Your task
Pictures aside, each record should be reproduced exactly.

Data items
-=-=-=-=-

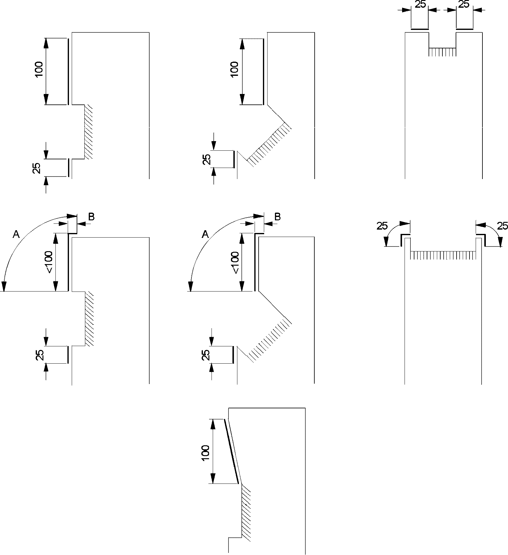 где: A - 100 мм максимум; B - 25 мм максимум
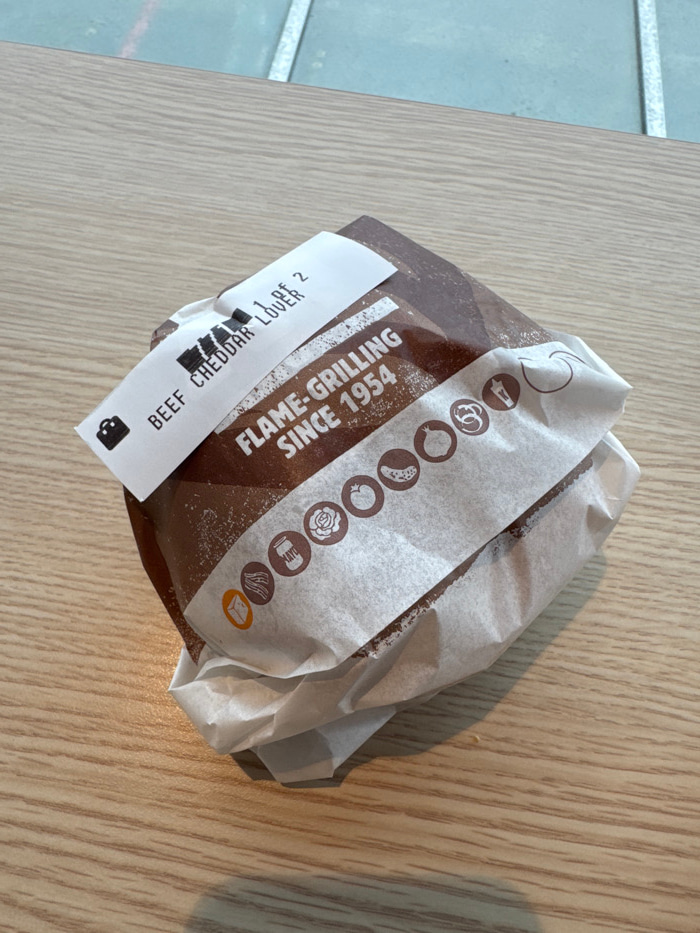 The image displays a single wrapped food item resting on a light-colored, wood-grain table surface. The item is predominantly covered in dark brown paper with white text stating "FLAME-GRILLING SINCE…read more
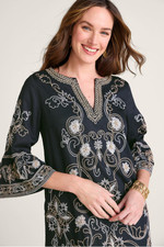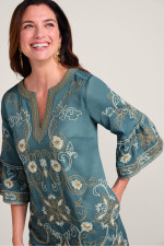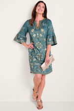This shift dress in midweight twill features floral embroidery flowing from the split neckline through the 3/4 flounce sleeves to the knee-length hem. Side pockets add convenience while the straight silhouette offers comfortable ease. Perfect for special occasions or dressed-up daytime events.
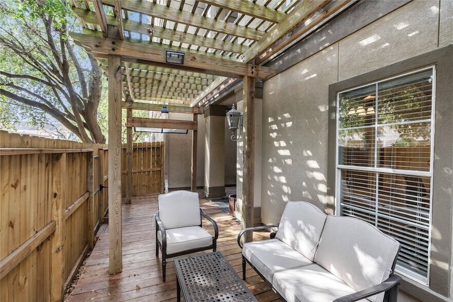 Ideally located in Rice Military with easy access to Downtown, the Galleria, and both Buffalo Bayou and White Oak Bayou trails, this updated townhouse blends smart living with stylish comfort. Enjoy a recently rebuilt private deck, fresh fencing, and a low-maintenance patio perfect for entertaining. Inside, the first-floor bedroom with en suite bath opens to this outdoor space, ideal for guests or a home office. The second floor features high ceilings, crown molding, oak floors, and a spacious layout connecting the refreshed kitchen to dining and living areas. A gas fireplace, smart lighting, and French doors lead to a charming balcony with views of a mature oak tree. Upstairs, the primary suite offers dual walk-in closets and a renovated bath, plus a third en suite bedroom. Recent updates include: roof (2023), water heaters (2024), select window replacements (2025), smart thermostats, garage opener, and lighting, all Apple/Google/Alexa compatible. Washer/dryer and fridge included.
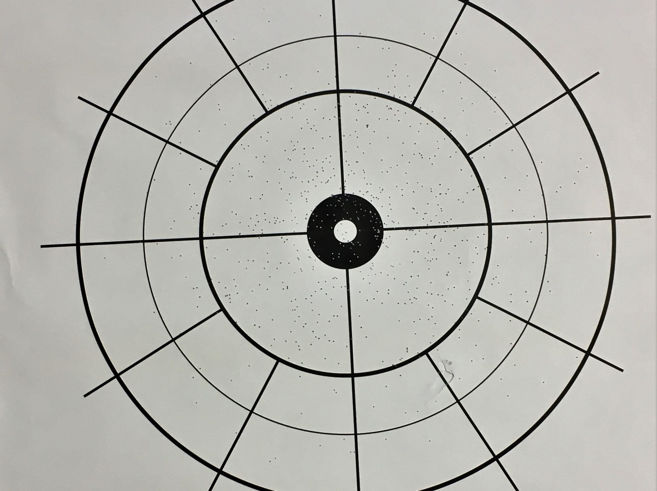 Ho infine concluso con lo sparo di munizioni spezzate, con una cartuccia calibro 12 Winchester caricata con 33 grammi di piombo numero 10 e una cartuccia Clever calibro 20 con 28 grammi di piombo numero 10, alla distanza di 10 metri.
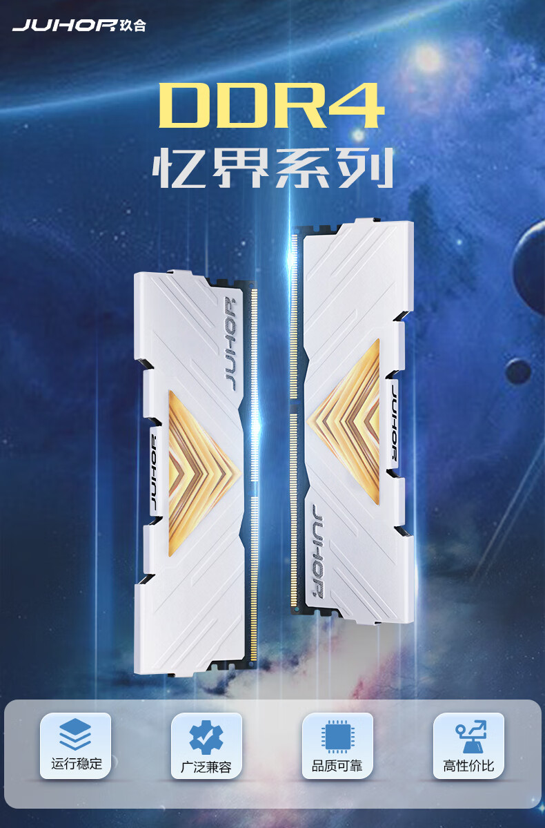 玖合(JUHOR) 16GB(8Gx2)套装 DDR4 3200 台式机内存条

-=-=-=-=-

Solution
 где: A - 100 мм максимум; B - 25 мм максимум
 The image displays a single wrapped food item resting on a light-colored, wood-grain table surface. The item is predominantly covered in dark brown paper with white text stating "FLAME-GRILLING SINCE…read more
This shift dress in midweight twill features floral embroidery flowing from the split neckline through the 3/4 flounce sleeves to the knee-length hem. Side pockets add convenience while the straight silhouette offers comfortable ease. Perfect for special occasions or dressed-up daytime events.
 Ideally located in Rice Military with easy access to Downtown, the Galleria, and both Buffalo Bayou and White Oak Bayou trails, this updated townhouse blends smart living with stylish comfort. Enjoy a recently rebuilt private deck, fresh fencing, and a low-maintenance patio perfect for entertaining. Inside, the first-floor bedroom with en suite bath opens to this outdoor space, ideal for guests or a home office. The second floor features high ceilings, crown molding, oak floors, and a spacious layout connecting the refreshed kitchen to dining and living areas. A gas fireplace, smart lighting, and French doors lead to a charming balcony with views of a mature oak tree. Upstairs, the primary suite offers dual walk-in closets and a renovated bath, plus a third en suite bedroom. Recent updates include: roof (2023), water heaters (2024), select window replacements (2025), smart thermostats, garage opener, and lighting, all Apple/Google/Alexa compatible. Washer/dryer and fridge included.
 Ho infine concluso con lo sparo di munizioni spezzate, con una cartuccia calibro 12 Winchester caricata con 33 grammi di piombo numero 10 e una cartuccia Clever calibro 20 con 28 grammi di piombo numero 10, alla distanza di 10 metri.
 玖合(JUHOR) 16GB(8Gx2)套装 DDR4 3200 台式机内存条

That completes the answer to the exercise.